第15話 人里を目指して
三時間ほどだろうか、黙々と歩き続けたアカ達だったけれど、いよいよ不安が大きくなってく
「まだ、スマホは繋がらないわよね?」
「うん。圏外のまま」
「どれだけ歩いたかな」
「10kmくらい……? 結構歩いたと思うけど、全然景色が変わらないよね」
「私達、札幌近郊にいるんだよね?」
「朱井さん、それなんだけど……」
ヒイロはポケットからスマホを取り出してアカに手渡した。
「地図アプリ? 圏外だと使えないんじゃ無いの?」
「あらかじめ家でダウンロードしておいたの。毎回通信するとギガが勿体無いよってお兄ちゃんからアドバイスされてて」
「そんなこと出来るんだ。じゃあ私たちがどこに居るか分かるの?」
だったらこんな風に何時間も歩く前に教えてくれよと内心思った。
「ううん、GPSが無いから自分たちの居場所は分からないの」
「ああ、そういうことか。
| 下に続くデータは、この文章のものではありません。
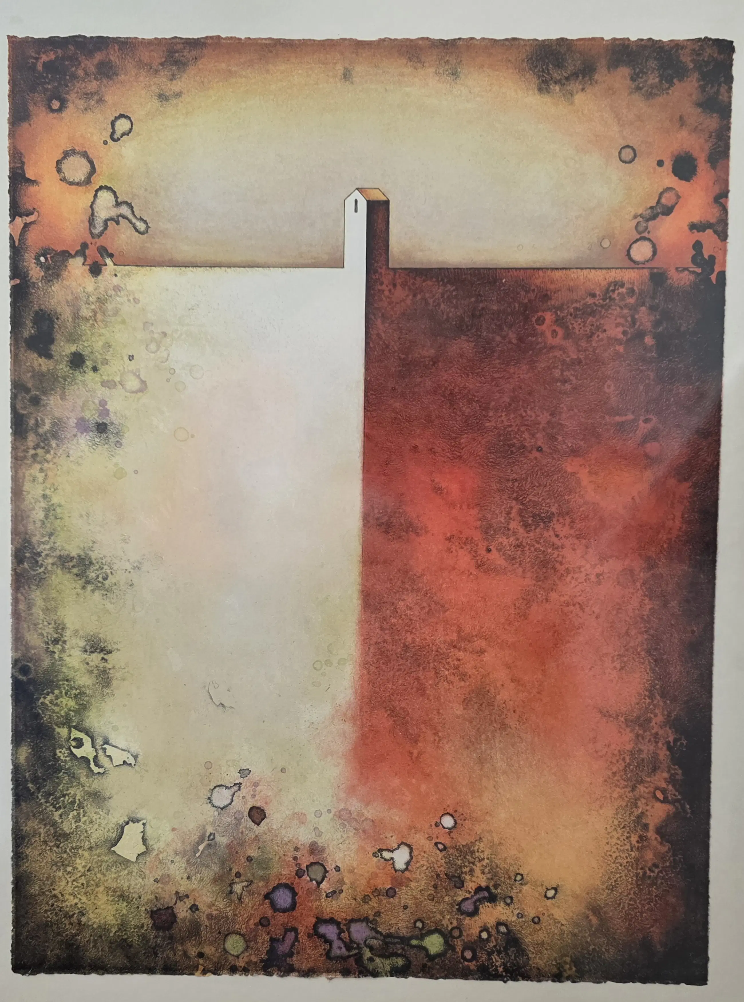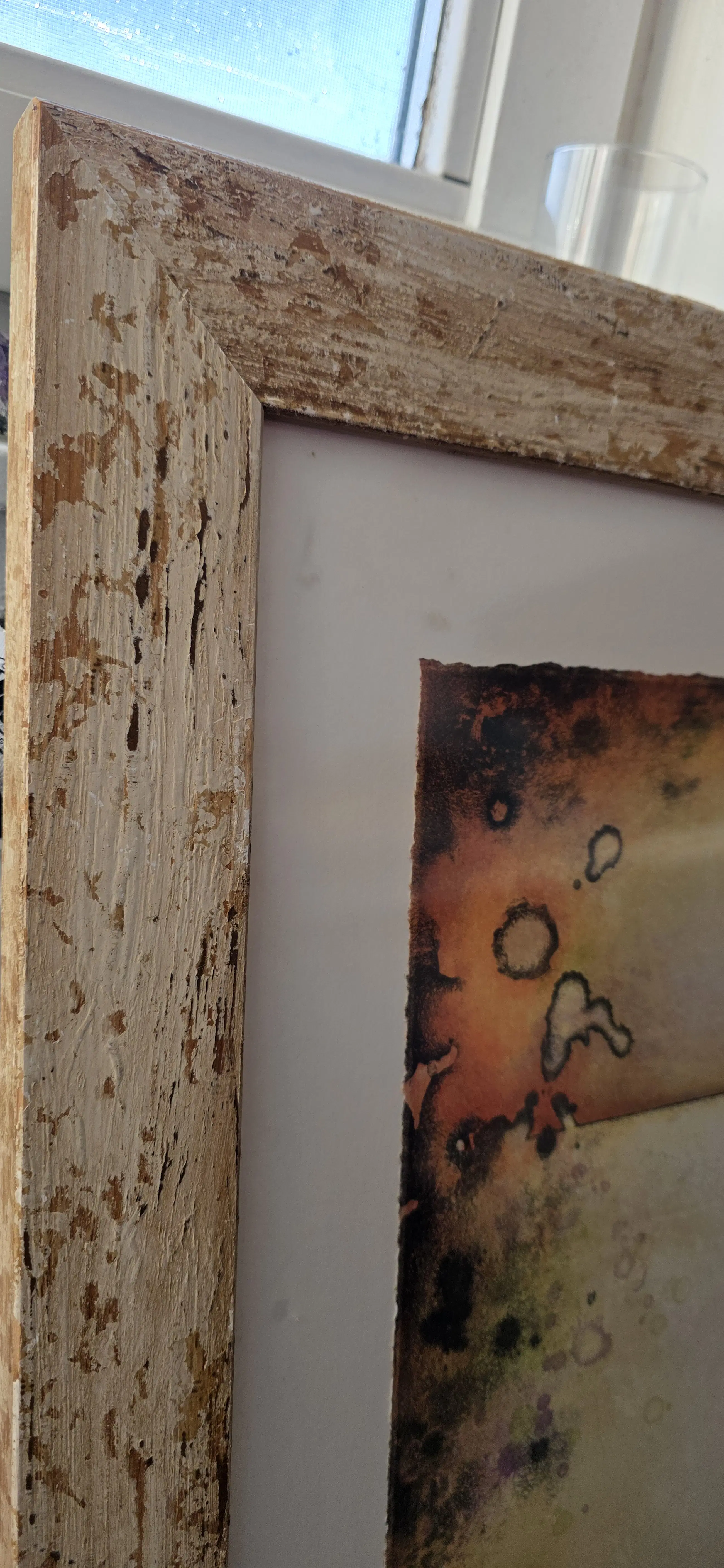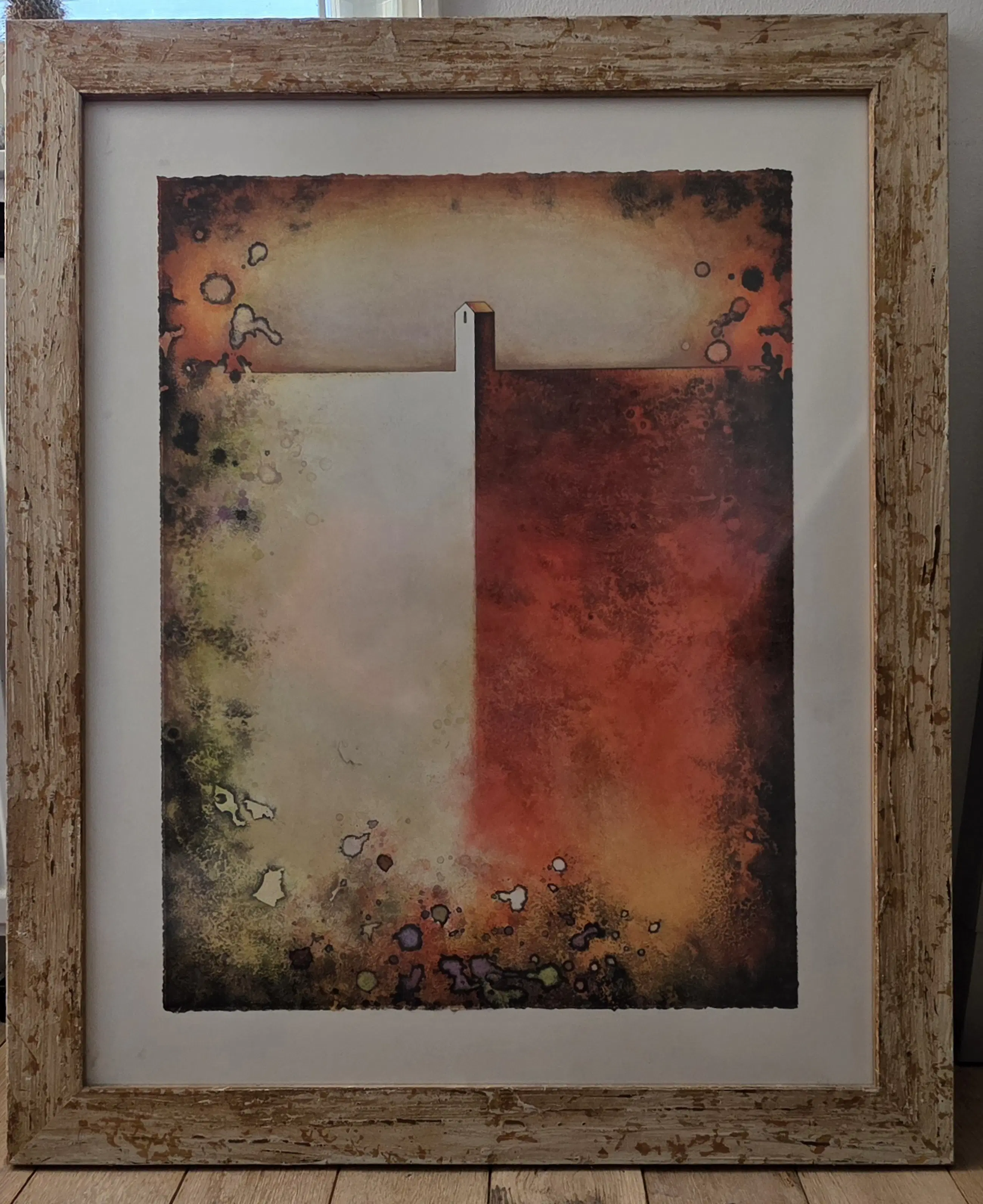 Heeft maar kort gehangen en na de scheiding altijd in doek gewikkeld in een kast gestaan.

だったら見ても仕方なく無い?」
「そうなんだけど、私達3時間近く歩いてきて10kmぐらいは歩いたじゃない? だけど見渡す限り平原が広がってるから流石におかしいなって思ったの。前に聞いたことがあるんだけど、地平線って大体5km先くらいまでしか見えないらしいんだよね」
「それは私も聞いたことがある気がする」
むかし何かの授業で先生が雑談として話していた記憶がある。先生は4kmちょっとって言っていた気もするけど、まあそのあたりの誤差は今は重要では無いだろう。
「それで、最初に周囲5kmが平原で、そこから10km歩いてさらにこの先5kmも平原が続くとなると、最低20kmは平原が続いてるって事になるよね?」
「うん」
「流石にそれっておかしいなって思ったの。そんな平原が続いてて道路や電柱のひとつも見つからないなんてって」
「でも、現にこうして周り一面平原だけど」
「それで今改めて地図を見たんだ。そうしたら、そもそも札幌の周りには平原なんてないんだよ」
「はぁ?」
こいつは何を言っているんだろう? そう思うアカに対してスマホの地図を操作してみせるヒイロ。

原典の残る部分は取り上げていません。